Revenues from the Latin American scheduled system collapsed from $1.75 million in 1957 to $435,000 in 1961.
Some good news was that ASA got a year-long $900,000 Air Force contract from 1 July 1959 to fly parts and people coast to coast on a so-called Rocket Run, for the Air Force Ballistic Missile Division, between California and Cape Canaveral. This was renewed in 1960 for a second year. The amount of the contract was substantial relative to ASA's revenues and explains the revenue uplift 1960 and 1961 financials.

===Riddle===
On 17 August 1960, citing the Guatemala decision as a precipitating event, ASA abruptly announced it would move to Miami effective September 1, leaving behind the St Petersburg animal pens and almost all of its employees. On 8 March 1961, ASA announced it was merging with Miami-based Riddle Airlines, which seemed like a natural fit. Riddle flew scheduled cargo between northern cities and Miami and Puerto Rico. In July, the CAB's Bureau of Economic Regulations recommended the Board approve the deal. In September, the CAB examiner on the case said the same. The CAB even approved some interim measures, giving Riddle the right to fly ASA's aircraft in the meantime and vice versa. But two and a half years after Riddle and ASA first approached the CAB, in November 1963, the CAB rejected it, saying Riddle wasn't as healthy as back in March 1961. But the CAB caused the delay during which Riddle and ASA experienced two poor years, hanging fire on the CAB decision.

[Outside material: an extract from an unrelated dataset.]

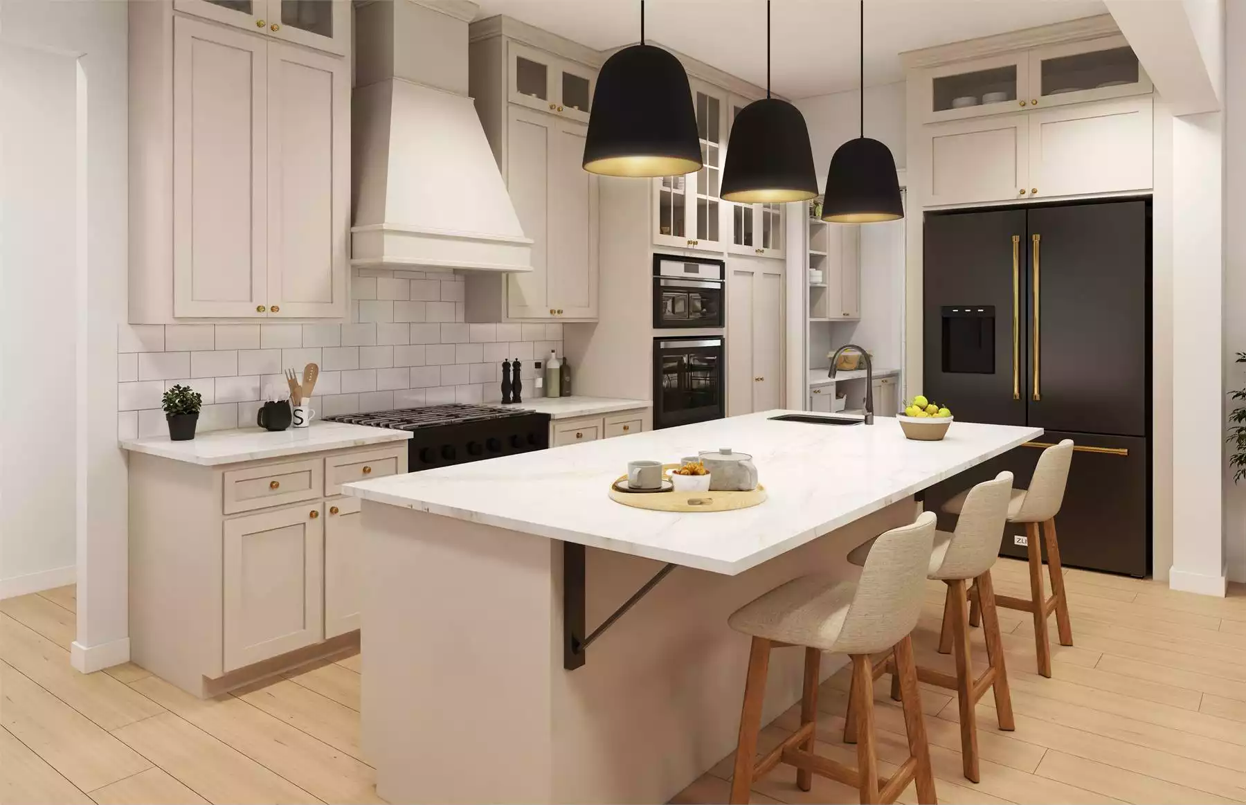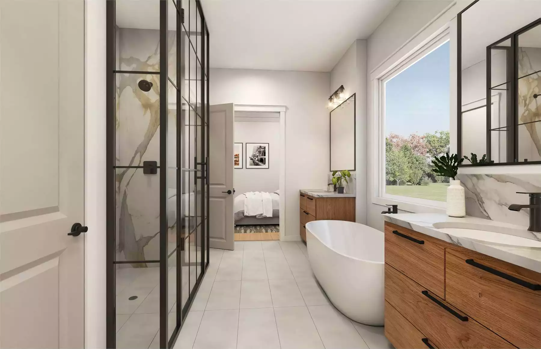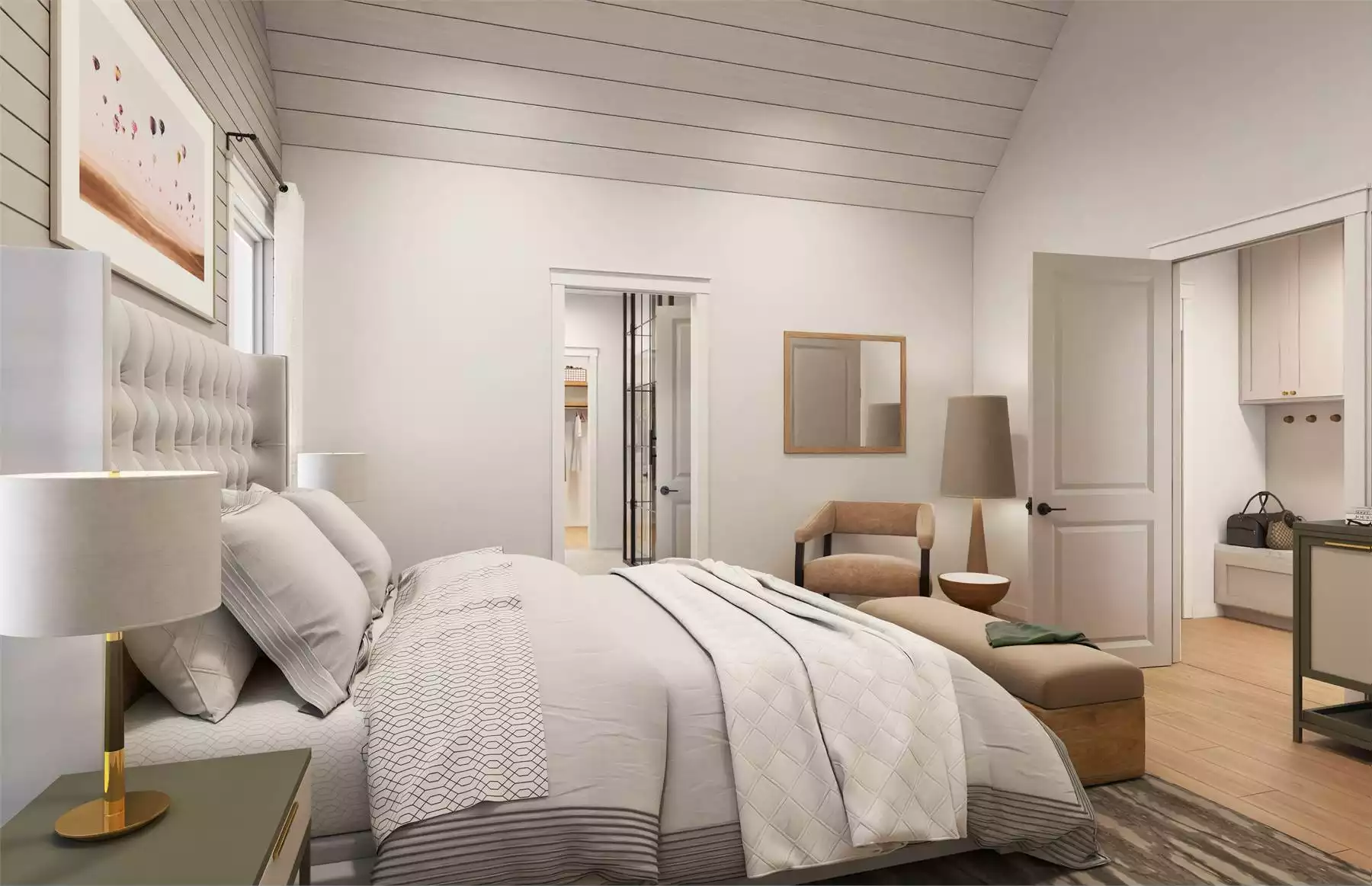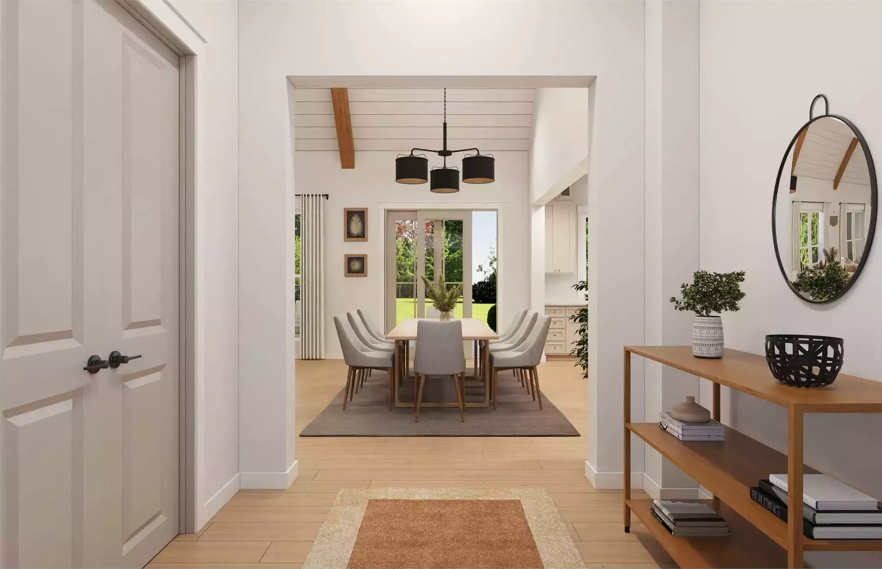 The Maryville Modern Farmhouse offers 2,500 sq. ft. of beautifully designed living space, blending classic charm with contemporary convenience. This one-story layout features 4 bedrooms and 3.5 bathrooms, making it an ideal choice for families. The open-concept great room and dining area boast vaulted ceilings with decorative beams, creating a spacious and inviting atmosphere. A chef’s kitchen with a large island, walk-in pantry, and convenient workspace flows seamlessly into the main living areas. The primary suite is a true retreat, complete with a vaulted ceiling, a luxurious en-suite featuring a freestanding tub, and an oversized walk-in closet. Additional highlights include a private office, large laundry room with storage, and a three-car garage with extra space for organization. Outdoor living is a priority, with front and rear porches, an outdoor kitchen, and a cozy fireplace, perfect for entertaining. Designed for comfort and functionality, the Maryville Modern Farmhouse is a stunning choice for modern country living.

Unfortunately, ASA was also no longer able to access military charters. From 1961 onward, US military business was preferentially directed towards airlines that could supply aircraft to the Civil Reserve Air Fleet (CRAF) that the US military viewed as particularly valuable, in particular, turbine (jet or turboprop) aircraft. By December 1963, ASA stood alone as the only certificated cargo airline without turbine equipment. From financial 1962 (started July 1961) onward, ASA received no further military business. ASA stopped operations 16 April 1965.

Riddle (named Airlift International since 1965), did not give up. In 1965, it bought out some of the biggest shareholders of moribund, bankrupt ASA and went back to the CAB, which, once again, after a long delay, rejected the deal a second time in 1968. The CAB finally cancelled ASA's certificate December 20, 1968.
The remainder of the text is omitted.